Descriptive statistics of study characteristics

Main analyses

Regression model results are reported in table 2 and figures 1 and 2. Only three domains showed changes over time. Preregistration (OR=1.27; 95% CI 1.10, 1.46) and reporting of adverse events (OR=1.32; 95% CI 1.11, 1.56) have both become more common. Fewer studies over time have indicated that the app under study was available in the iOS and/or Android stores (OR=0.78; 95% CI 0.64, 0.96). The remaining study characteristics did not show changes over time.

Change in continuous study quality features over time. FU Length, postrandomisation follow-up length in months; REM, racial/ethnic minority participants.

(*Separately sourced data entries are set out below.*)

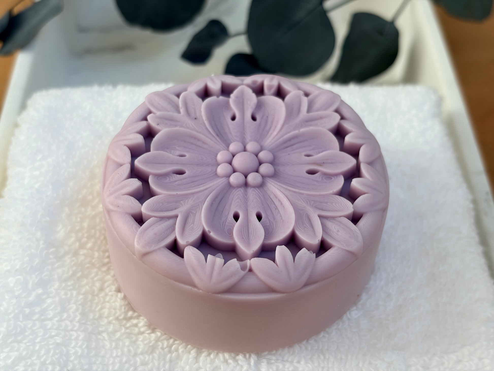 - Warm the comfortably shaped lotion bar in your hands for a few seconds to soften.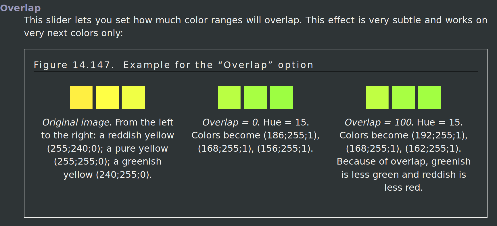 I'm reading gimp Docs. I attached the part of doc for the overlap in Hue-Saturation where how they explain about it. It was difficult to understand what they mean only by reading it. So I tested overlap for myself. I kindof get the concept of it. However I feel like something missing cause I don't understand what docs say about it. Would you tell me how to get the correct concept of overlap in Hue-Saturation dialog?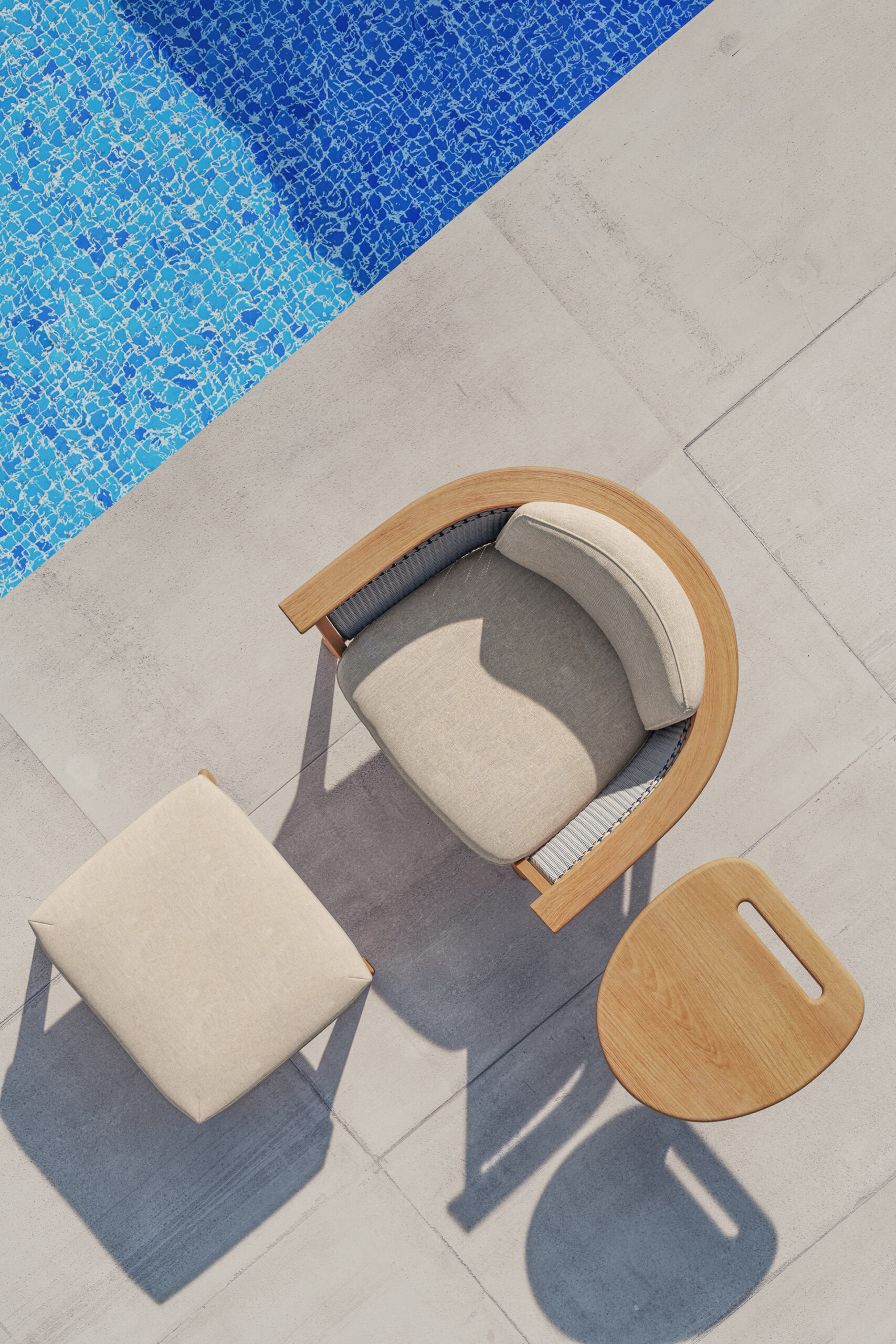 A true expression of the Foundations Collection’s minimalist aesthetic, the Arc Occasional Tables unite timeless materials with contemporary design. Built for residential outdoor living, each table is as durable as it is refined. Ipe tops begin in a deep chocolate brown hue that can be preserved with care or allowed to age into a silvery patina, while Teak offers a warm golden tone that similarly weathers with elegance. Whether placed beside a lounge chair or centered within a seating area, the Arc tables deliver lasting style and substance in any outdoor setting.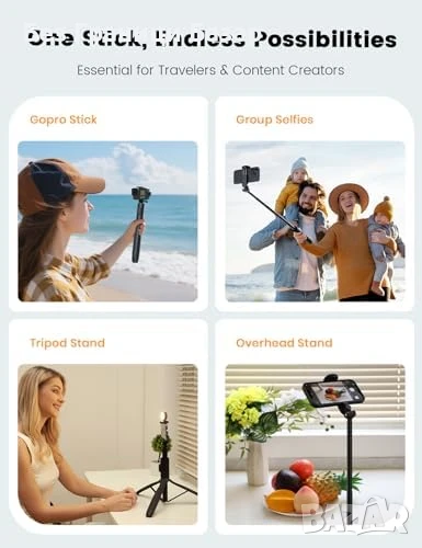 Нов Телефонен Статив с Осветление и Дистанционно – 180° Завъртане Селфи стик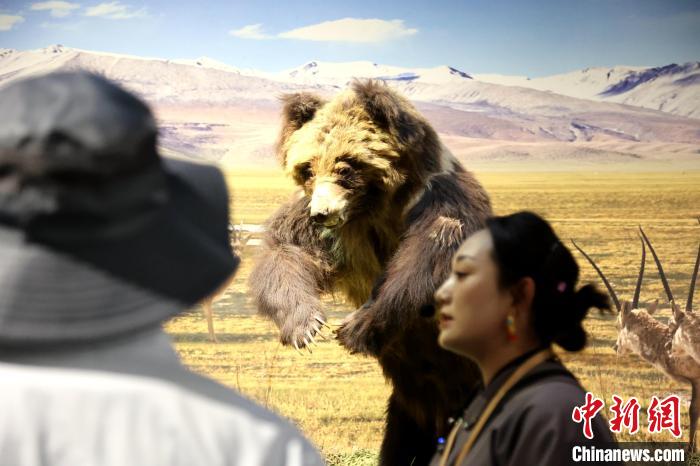 7月24日,參加“中國式現(xiàn)代化的萬千氣象·網(wǎng)絡名人青海行”活動的網(wǎng)絡名人,抵達江河源頭青海玉樹藏族自治州,在玉樹州博物館一覽自然與人文之美。玉樹州博物館是玉樹地震災后重建十大標志性建筑之一,分為序廳、自然展區(qū)、人文展區(qū)、臨時展廳。其通過實物標本等方式,展示了三江源和可可西里的野生動物、草地、森林,以及玉樹州的歷史、建筑、服飾、飲食等。圖為工作人員介紹棕熊等野生動物分布情況。中新社記者 張?zhí)砀?攝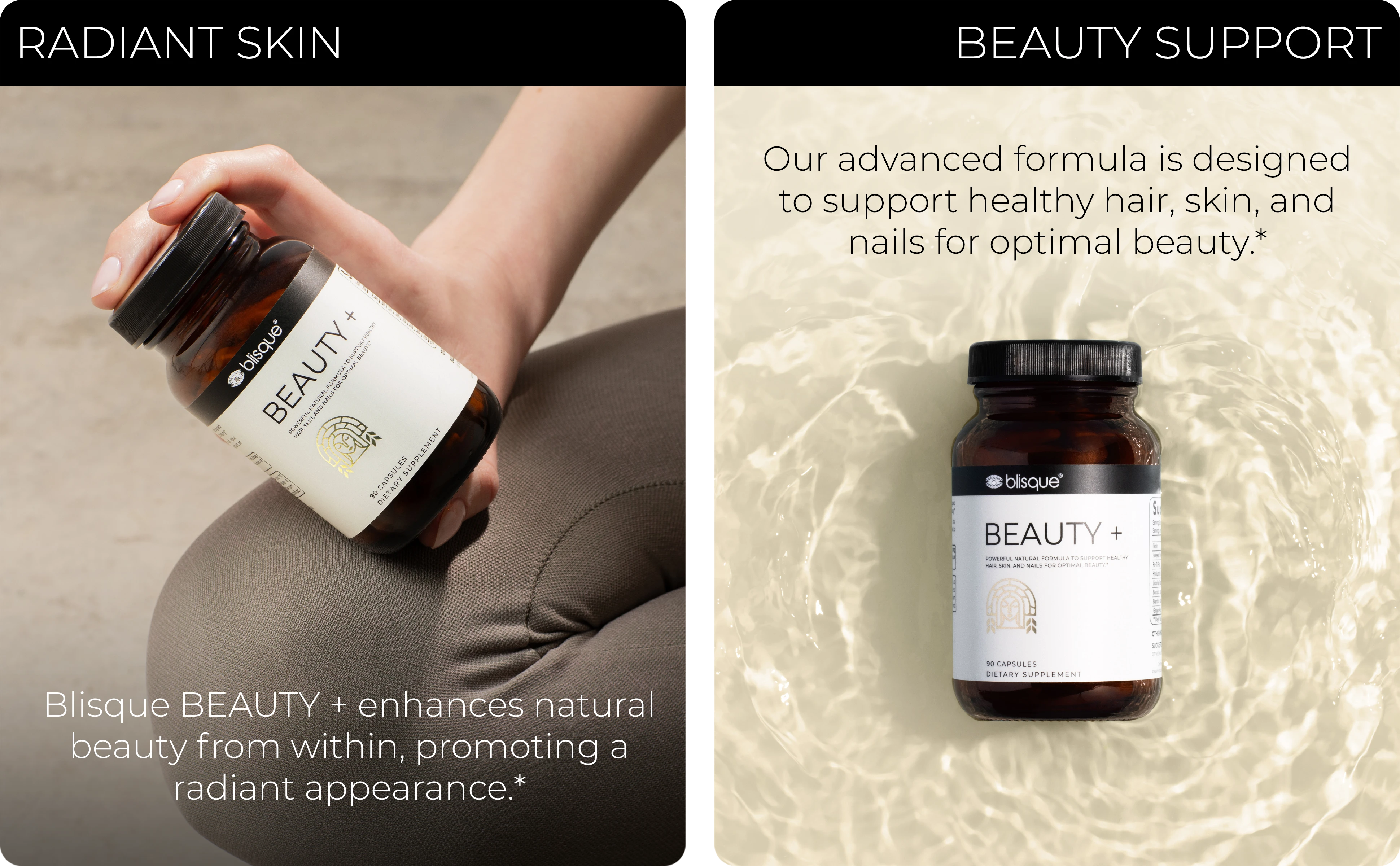 SKIN GLOW BOOST: Blisque BEAUTY + helps elevate skin care, helping you achieve a more youthful appearance and a luminous glow.*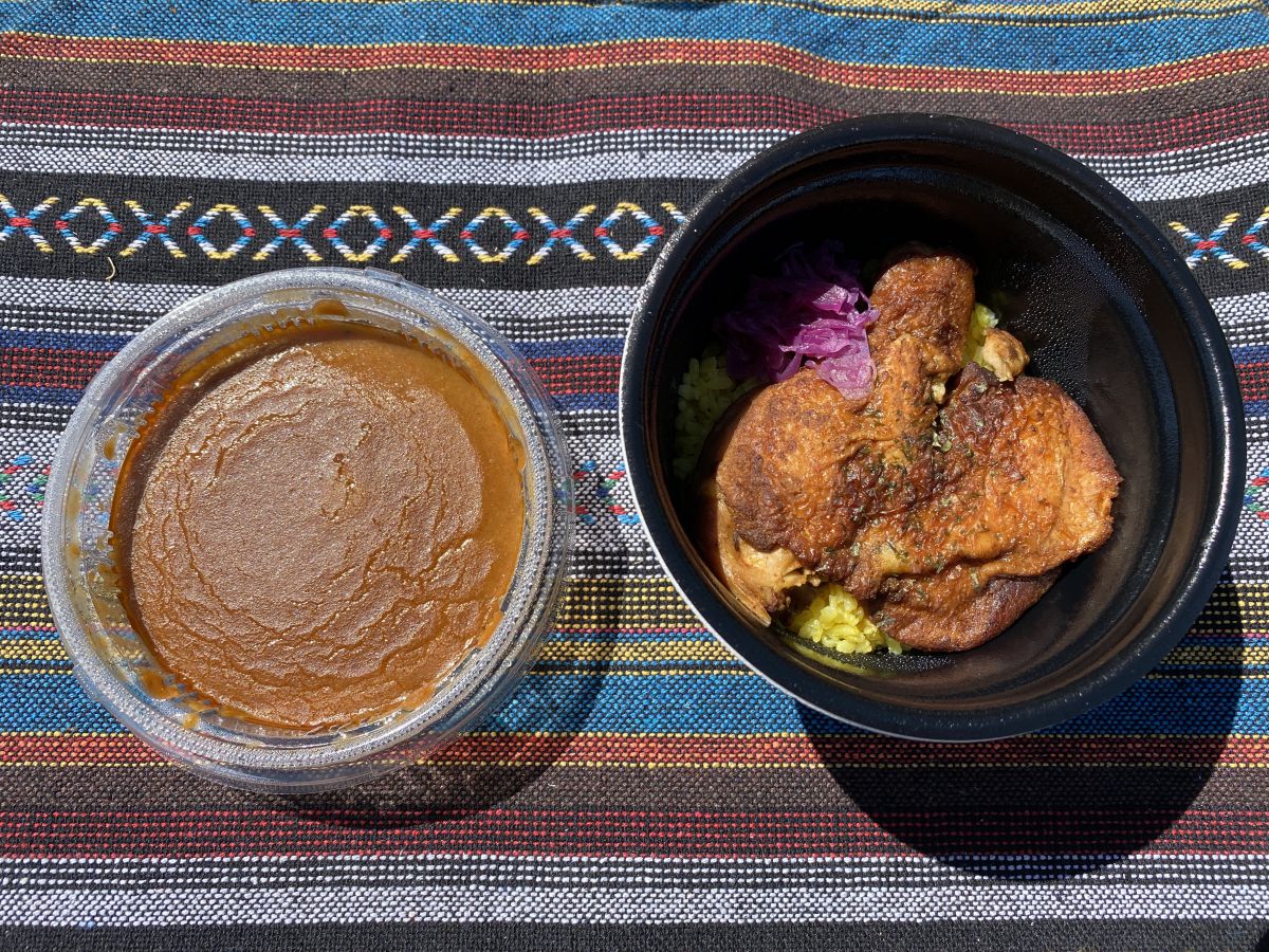 「骨付きチキンカレー 」1944円は、ホテル特製のカレーに、ターメリックライスと骨付きモモ肉をあわせたボリュームある一品。スパイスの香り豊かで、コク深い味わい。ホテル発祥のナポリタンに使用しているソースが入っていてほのかに酸味があるクセになるルーです。骨付きチキンはほろりと身がほぐれ食べやすい。

Change in dichotomous study quality features over time. RoB items 1 through 5: sequence generation, allocation concealment, blinding of personnel, blinding of outcome/self-report and use of intention-to-treat (ITT) analysis, respectively. % No Treatment indicates the percentage of trials that used a no treatment control condition, comprising a waitlist or assessment only condition. k indicates the number of studies. AE, adverse event; REM, racial/ethnic minority participants; RoB, Risk of Bias.

Ordinary least squares and logistic regression results examining changes in study characteristics over time

Sensitivity analyses

Outliers were detected for total sample size (three high outliers), attrition rate (one high outlier) and follow-up length (three high outliers). Significance tests were unchanged in this sensitivity analysis. Mirroring the primary analysis, there was no evidence for improvements in these study characteristics over time (table 3).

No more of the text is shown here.